EXERCISE PROMPT. Set down the data below from its first line to the line holding "Mongy (MONGY) will", inclusive; omit all pictures.

--- SUPPLIED DATA Enclosed Below ---

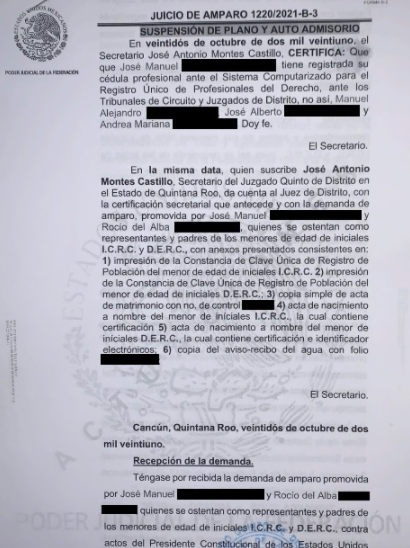Los menores I. C. R. C. y D. E. R. C., acudieron a la justicia federal por medio de sus representantes y la demanda de amparo la interpusieron el pasado 22 de octubre, la que fue registra en el Libro de Gobierno del Juzgado Federal con sede en Cancún, bajo el número 122072021-B-3; donde el acto reclamado es que sean vacunados contra el virus Sars-Cov-2 para la prevención del Covid-19, pues los menores tienen 14 y 16 años respectivamente.
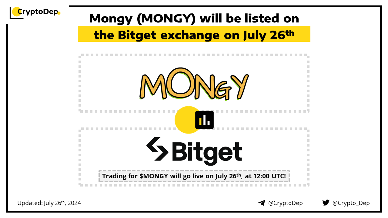 Mongy (MONGY) will be listed on the Bitget exchange on July 26th
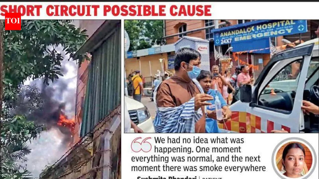 Kolkata: Surgeries halted midway and patients inside operation theatres and wards were wheeled out on stretchers and wheelchairs after a fire broke out inside the second-floor cathlab of Anandalok Hospital on Tuesday morning, triggering panic and an emergency evacuation in the middle of critical procedures.The blaze, reported started around 10 am at the hospital near Karunamoyee in Salt Lake. It quickly escalated as thick black smoke engulfed corridors and parts of the building. Flames gutted a portion of the cathlab and sections of the operation theatre before firefighters brought the situation under control. No injuries were reported.According to officials, three fire tenders rushed to the spot and began operations on a war footing. Firefighters battled dense smoke billowing from the second floor, even as hospital staff scrambled to evacuate patients from wards and operation theatres. Authorities said all floors were being checked thoroughly to ensure no one remained trapped.“There were 13 scheduled surgeries today. We had just completed the sixth surgery – a gall bladder stone removal operation – when the fire alarms went off. We came out of the OT on the third floor and we could see smoke billowing from the floor below us. We immediately removed all patients from the OT and other affected wards out of the hospital,” said Sanjay Gupta, a general surgeon.Hospital staff said the evacuation was carried out swiftly despite the chaos.Sanjukta Jhajharia, secretary of Anandalok Hospital, said: “Our fire-fighting system was apt and we operated on a war footing. We undertake regular fire drills. We had around 50 in-house patients. There were another 70-odd patients in the outdoor unit. We had enough security personnel in place who evacuated all of them out of the building to our annexe building right behind the hospital.”Officials alleged even as the firefighters arrived later than usual, the in-house staff removed the patients by themselves without causing any harm to any of them.“Flames could be seen from one of the windows on the second floor and the fire alarm had started ringing. Within minutes, the entire area was covered with smoke,” said Dolly Roy, a clerical staff member of the hospital. “Our staff started breaking open the glass windows to let the smoke out.Several patients and their relatives were later seen sitting on the road outside the hospital, visibly shaken after the sudden evacuation. Officials said the main building was shut after the fire and that it would reopen after completion of forensic officials and a green signal from police and fire dept.Cops confirmed that the hospital had been fully evacuated. Preliminary findings by the fire dept suggest an electrical short circuit in the air-conditioning system inside the cathlab or operation theatre may have triggered the blaze. “The fire was confined to just one room,” the official said.

--- End of Enclosed SUPPLIED DATA ---

EXERCISE RESPONSE.
Los menores I. C. R. C. y D. E. R. C., acudieron a la justicia federal por medio de sus representantes y la demanda de amparo la interpusieron el pasado 22 de octubre, la que fue registra en el Libro de Gobierno del Juzgado Federal con sede en Cancún, bajo el número 122072021-B-3; donde el acto reclamado es que sean vacunados contra el virus Sars-Cov-2 para la prevención del Covid-19, pues los menores tienen 14 y 16 años respectivamente.
 Mongy (MONGY) will be listed on the Bitget exchange on July 26th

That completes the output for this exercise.